Here's how you can do the indexing:
To index some LZO files, you'll need to use my own Jar built from the Twitter hadoop-lzo project. You'll need to build the Jar somewhere, then upload to Amazon S3, if you want to Index directly with EMR.
On side note, Cloudera has good instructions on all the steps for setting this up on your own cluster. I did this on my local cluster, which allowed me to build the Jar and upload to S3. You can probably find a pre-built Jar on the net if you don't want to build it yourself.
When outputting your data from your Hadoop job, make sure you use the LzopCodec and not the LzoCodec, otherwise the files are not indexable (at least based on my experience). Example Java code (same idea carries over to Streaming API):
import com.hadoop.compression.lzo.LzopCodec;
TextOutputFormat.setCompressOutput(job, true);
TextOutputFormat.setOutputCompressorClass(job, LzopCodec.class)

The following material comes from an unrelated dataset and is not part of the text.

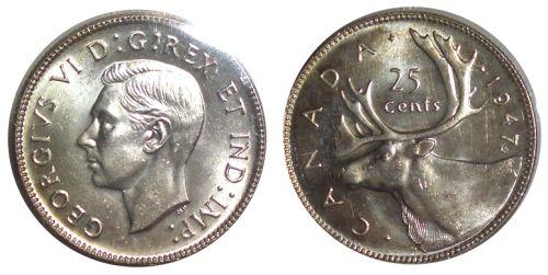0275 - 1947 Canada Twenty-Five Cents-ICCS MS63

Once your hadoop-lzo Jar is on S3, and your Hadoop job has outputted .lzo files, run your indexer on the output directory (instructions below you got a EMR job/cluster running):
elastic-mapreduce -j <existingJobId> \
--jar s3n://<yourBucketName>/hadoop-lzo-0.4.17-SNAPSHOT.jar \
--args com.hadoop.compression.lzo.DistributedLzoIndexer \
--args s3://<yourBucketName>/output/myLzoJobResults \
--step-name "Lzo file indexer Jar"
Then when you're using the data in a future job, be sure to specify that the input is in LZO format, otherwise the splitting won't occur. Example Java code:
import com.hadoop.mapreduce.LzoTextInputFormat;
job.setInputFormatClass(LzoTextInputFormat.class);